- **Task directions**
Transcribe the line holding "In the sketch" together with every line after it, through the end of the records, exactly and with no pictures.

(Material shown begins)

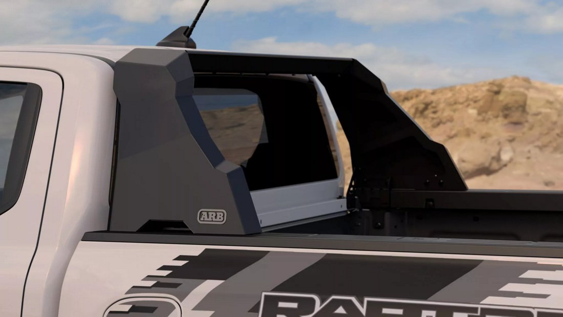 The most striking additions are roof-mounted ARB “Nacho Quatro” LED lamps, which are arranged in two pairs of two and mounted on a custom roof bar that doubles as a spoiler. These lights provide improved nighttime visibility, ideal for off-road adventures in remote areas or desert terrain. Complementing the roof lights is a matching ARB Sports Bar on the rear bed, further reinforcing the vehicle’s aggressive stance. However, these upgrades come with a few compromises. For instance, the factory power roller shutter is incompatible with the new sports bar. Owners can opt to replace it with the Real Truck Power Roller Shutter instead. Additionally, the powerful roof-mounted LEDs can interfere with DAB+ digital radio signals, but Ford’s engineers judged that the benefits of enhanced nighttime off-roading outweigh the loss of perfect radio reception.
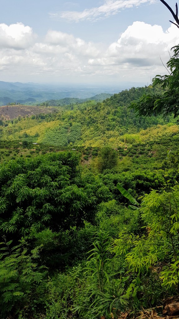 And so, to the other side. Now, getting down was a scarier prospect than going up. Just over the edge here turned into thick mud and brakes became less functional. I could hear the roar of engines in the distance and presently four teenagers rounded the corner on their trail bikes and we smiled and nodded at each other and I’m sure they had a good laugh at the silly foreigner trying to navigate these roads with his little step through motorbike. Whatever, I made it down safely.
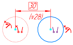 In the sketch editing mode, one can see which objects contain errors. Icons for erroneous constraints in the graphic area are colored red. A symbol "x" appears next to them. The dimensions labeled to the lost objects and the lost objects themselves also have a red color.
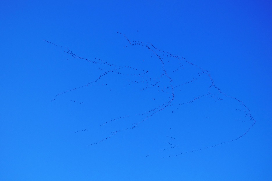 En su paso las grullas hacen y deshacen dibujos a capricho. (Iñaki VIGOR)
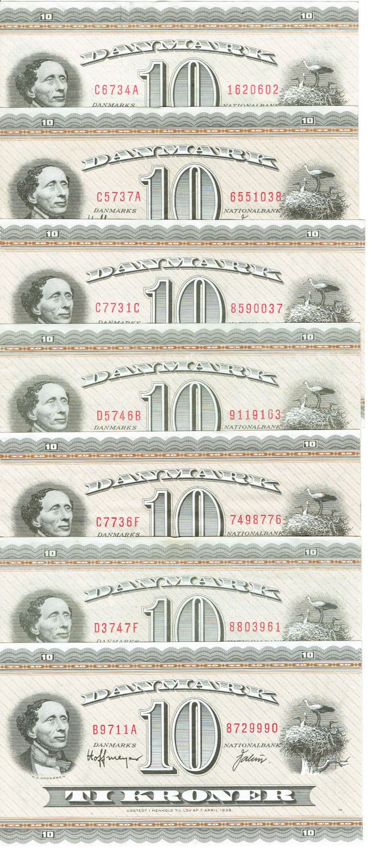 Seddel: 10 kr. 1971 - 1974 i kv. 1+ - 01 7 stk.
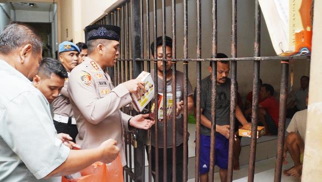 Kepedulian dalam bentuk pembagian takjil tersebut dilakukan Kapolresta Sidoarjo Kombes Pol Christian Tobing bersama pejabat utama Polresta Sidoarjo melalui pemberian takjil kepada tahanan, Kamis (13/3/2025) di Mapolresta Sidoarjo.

(Material shown ends)

- **Task result**
 In the sketch editing mode, one can see which objects contain errors. Icons for erroneous constraints in the graphic area are colored red. A symbol "x" appears next to them. The dimensions labeled to the lost objects and the lost objects themselves also have a red color.
 En su paso las grullas hacen y deshacen dibujos a capricho. (Iñaki VIGOR)
 Seddel: 10 kr. 1971 - 1974 i kv. 1+ - 01 7 stk.
 Kepedulian dalam bentuk pembagian takjil tersebut dilakukan Kapolresta Sidoarjo Kombes Pol Christian Tobing bersama pejabat utama Polresta Sidoarjo melalui pemberian takjil kepada tahanan, Kamis (13/3/2025) di Mapolresta Sidoarjo.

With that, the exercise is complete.